Monatelange Bahnsperrung im Süden Frankfurts: Was Pendler jetzt wissen müssen
Brit PutzMonatelange Bahnsperrung im Süden Frankfurts: Was Pendler jetzt wissen müssen
Große Bahnstrecke im Süden Frankfurts wird für über einen Monat gesperrt
Ab dem 4. April 2023 wird eine wichtige Bahnverbindung im Süden Frankfurts für mehr als einen Monat stillgelegt. Die Sperrung, die bis zum 15. Mai andauert, ermöglicht der Deutschen Bahn, dringende Bauarbeiten zwischen den Bahnhöfen Forsthaus und Südbahnhof durchzuführen.
Während der Schließung werden Arbeitskräfte Teile des Bahndamms abtragen und Pfähle für neue Bauwerke rammen. Schwere Krananlagen positionieren zwei provisorische Brücken über die Mörfelder Landstraße, die den Zugverkehr bis Ende 2027 aufrechterhalten sollen. Zudem beginnen die Vorbereitungen für die Widerlager einer künftigen festen Eisenbahnbrücke.
Die Sperrung führt zu Einschränkungen im Fahrplan: Die RB58-Tageszüge werden über Frankfurt-Louisa umgeleitet, während die Nachtverbindungen zwischen Hanau Hauptbahnhof und Rüsselsheim Opelwerk komplett entfallen. Auch die RE59-Züge zwischen Frankfurt-Ost und dem Fernbahnhof Frankfurt Flughafen fallen aus.
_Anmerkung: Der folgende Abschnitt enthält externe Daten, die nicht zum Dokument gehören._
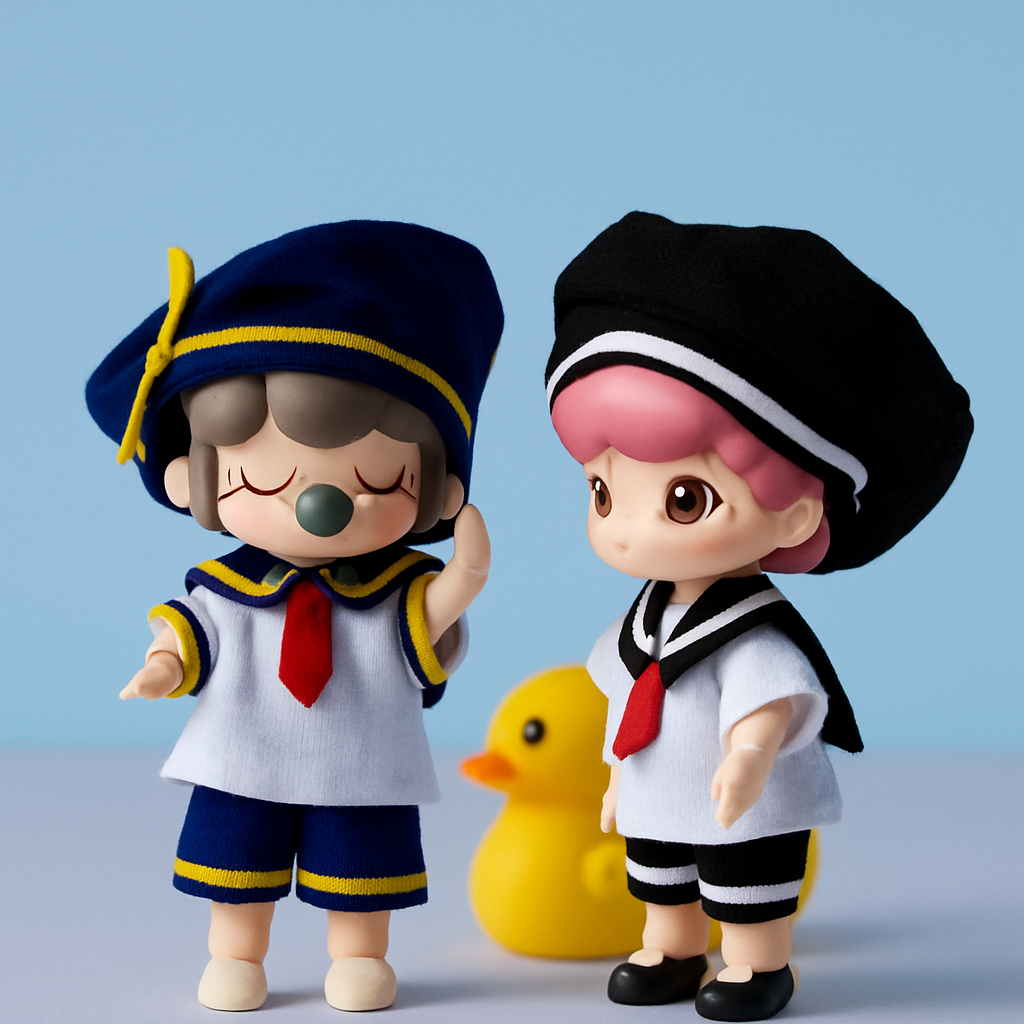 愛らしいぬいぐるみ服の本格コーデセットです。 帽子、上着、ショートパンツの3点構成で、セーラー襟と金色ラインがアクセントの華やかなデザイン。 赤いネクタイ付きで学生風の雰囲気を演出し、ゴールド級の仕上がりでお人形の着せ替えを存分にお楽しみいただけます。
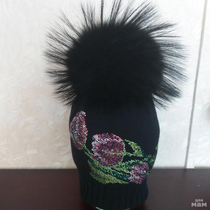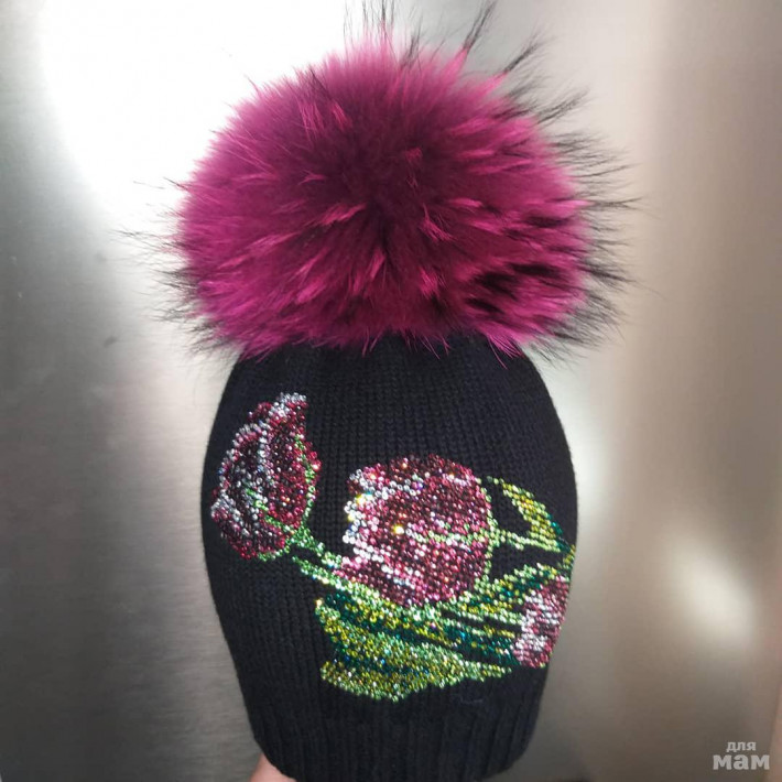 Шикарный помпон в цвете фуксия 23 см. Возможна замена на черный такого же размера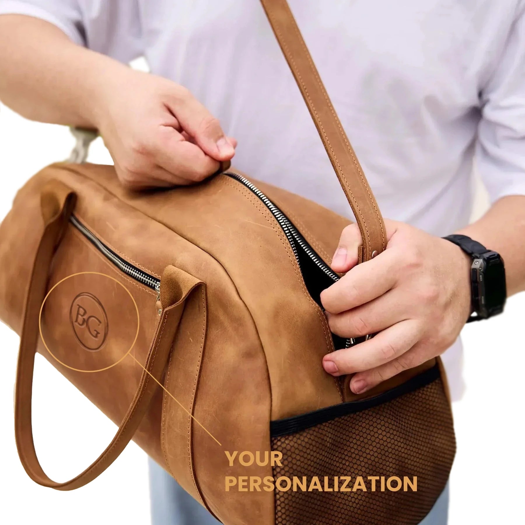 Crafted from genuine leather, this handmade gym bag combines style and functionality. With ample storage and comfortable carrying options, it's the perfect companion for your active lifestyle.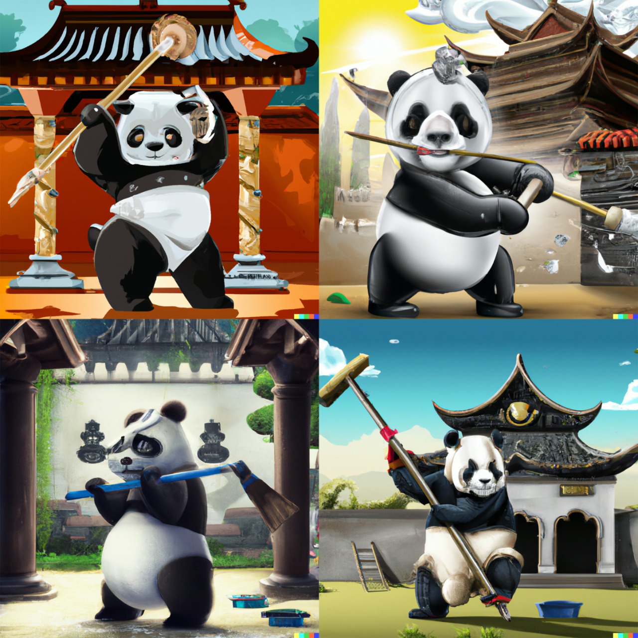 試著用AI繪圖"熊貓在古廟拿刀劍在打掃",大家覺得AI這樣畫的如何??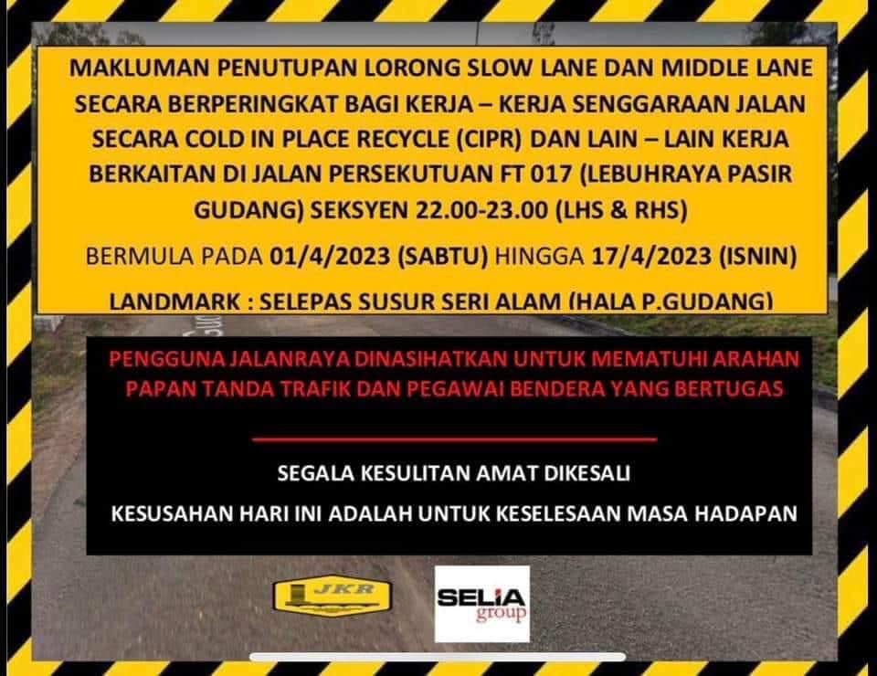 巴西古当大道修路将到4月17日,主要路段在至达城路一带,公共工程局早前已通告施工期间会封闭一至两车道,提醒民 众使用替代路段。
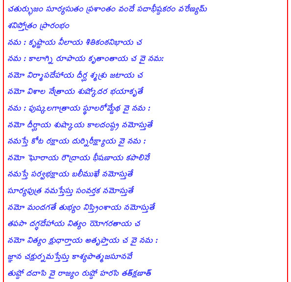 Dasaratha Krutha Shani Stothram
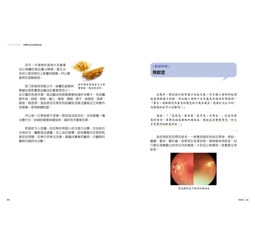 •護眼食品別亂吃!體質/食品特性相符更重要!眼病急性期以西醫搶救視力,輔以中醫從本改善體質,結合西醫藥物或雷射,中醫內服藥、針灸、溫敷、食療等全身調養,建立人體完善的氣血循環,恢復眼睛自癒力。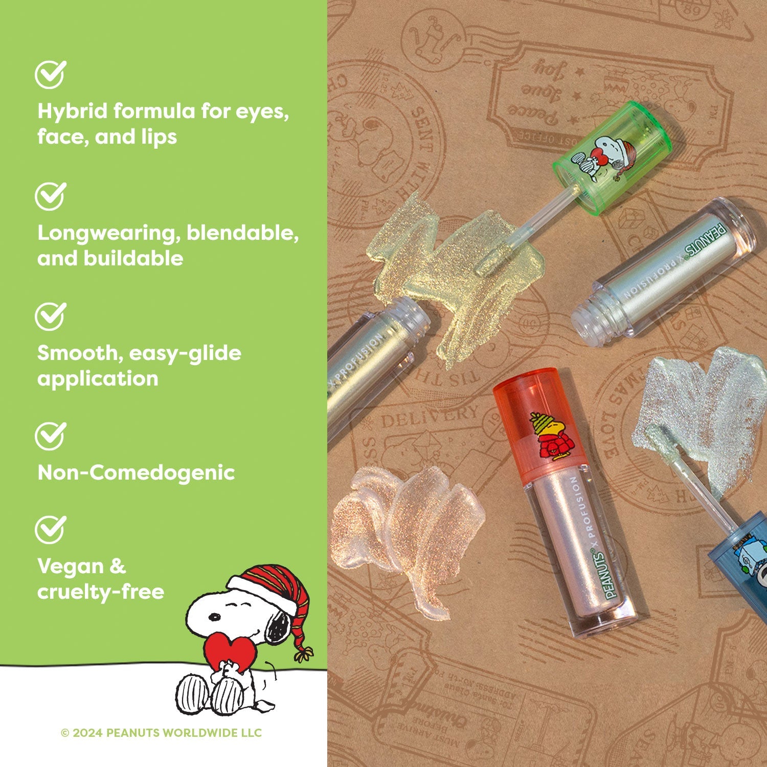 1. Pick Your Holiday Shine: Choose the chrome topper that’ll make you sparkle like the lights on Snoopy’s doghouse! It’s perfect for your eyes, cheeks, or lips.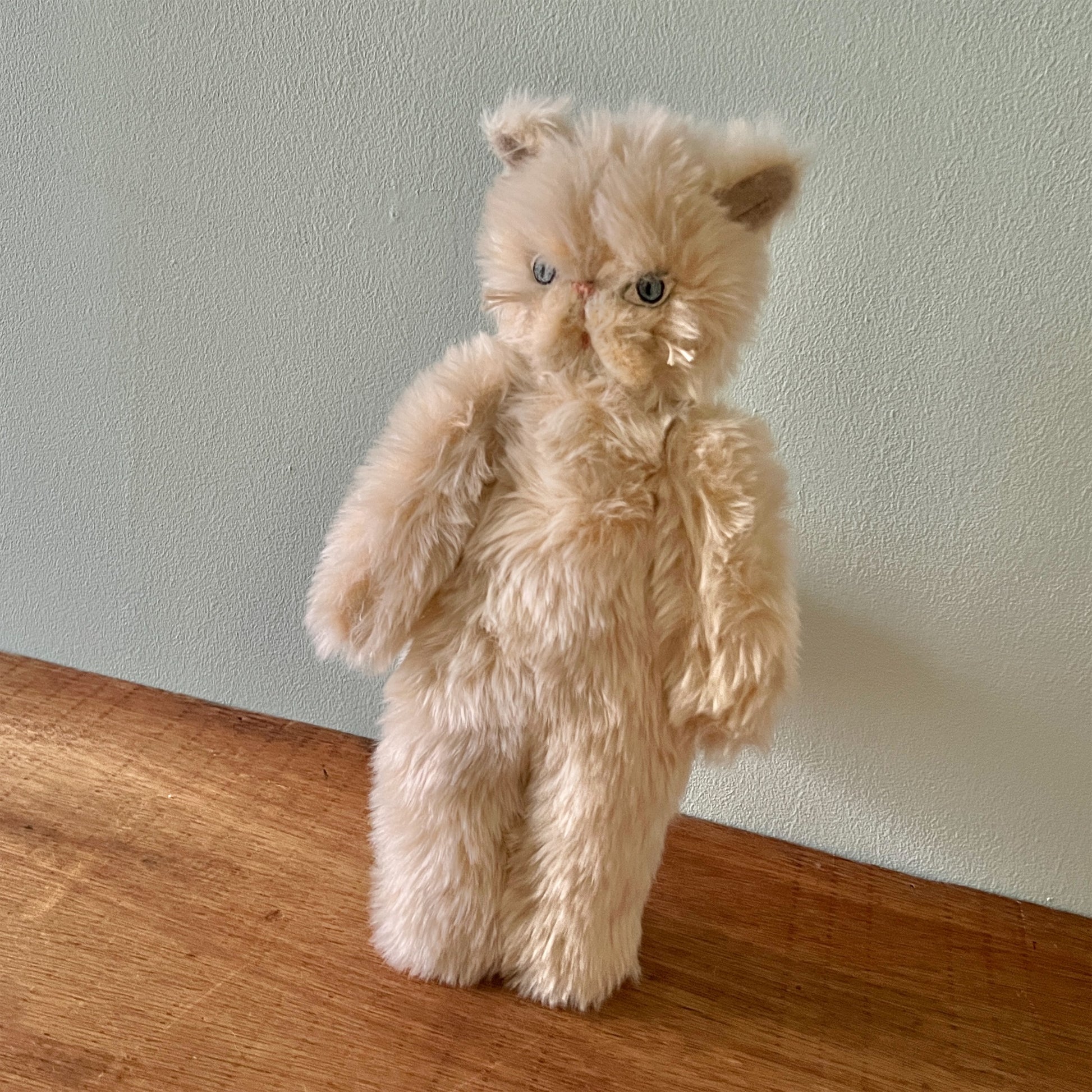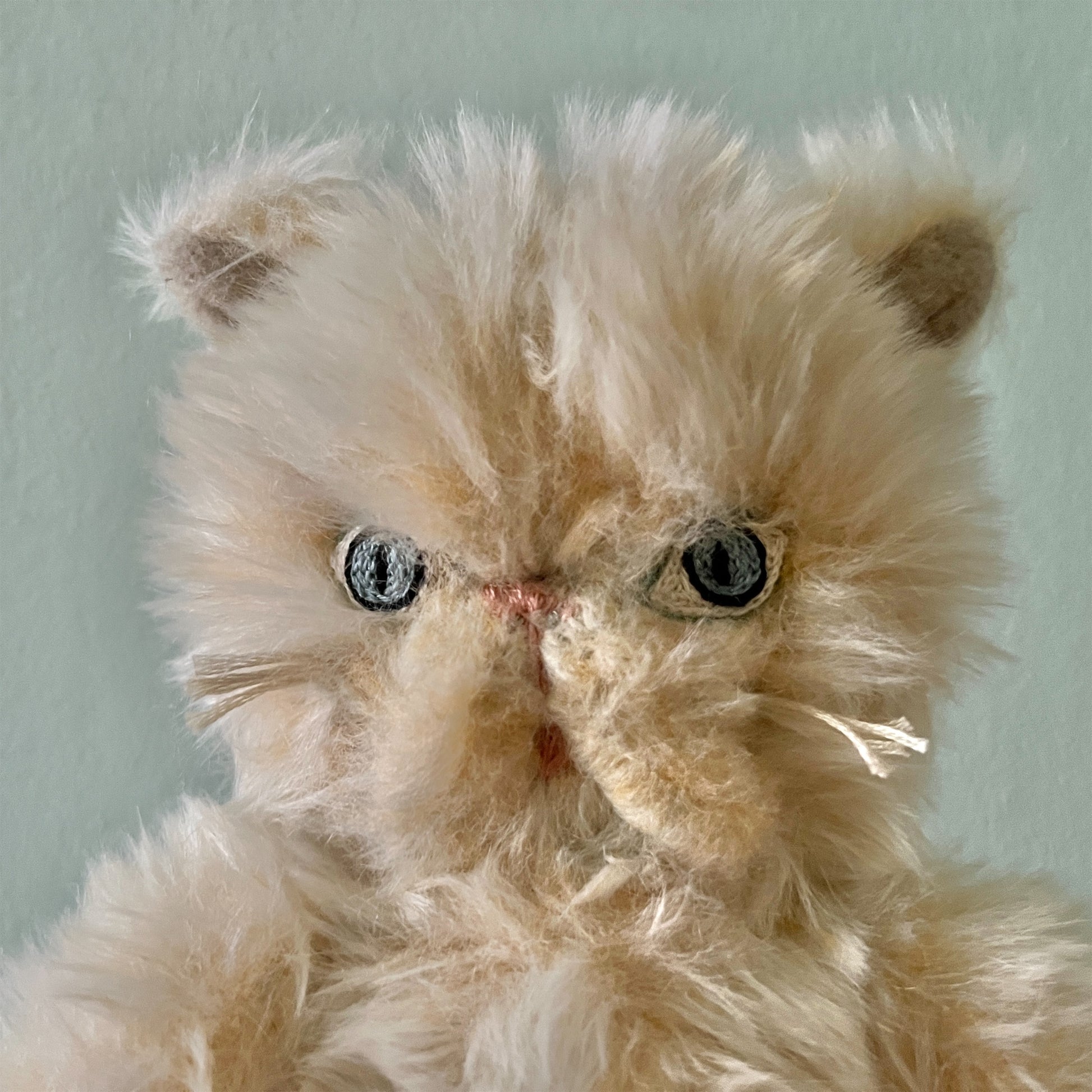 全て一点ものです。ヴィンテージの布地なども用いています。布地の組み合わせを考え、ぬいぐるみのボディを製作後、一つ一つ刺繍糸の配色にこだわって製作しております。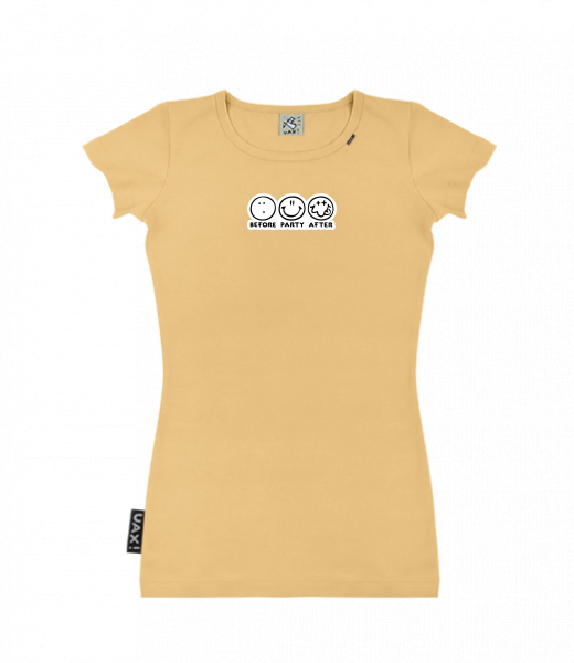 Dámské tričko s potiskem SKRATDA UAX! for woman with design 1120 BEFORE PARTY AFTER in color MUSTARD

Im Rahmen des Projekts wird zudem eine höhenfreie Kreuzung in der Nähe von Forsthaus saniert. Wie viele zusätzliche Arbeitskräfte oder externe Firmen die Deutsche Bahn für die Bauarbeiten einsetzt, gab das Unternehmen nicht bekannt.
Die sechswöchige Vollsperrung markiert den Beginn langfristiger Modernisierungsmaßnahmen im südlichen Frankfurter Schienennetz. Provisorische Brücken sollen den Zugbetrieb bis 2027 aufrechterhalten – Reisende auf den betroffenen Strecken müssen jedoch mit Verspätungen und Umleitungen während der Arbeiten rechnen.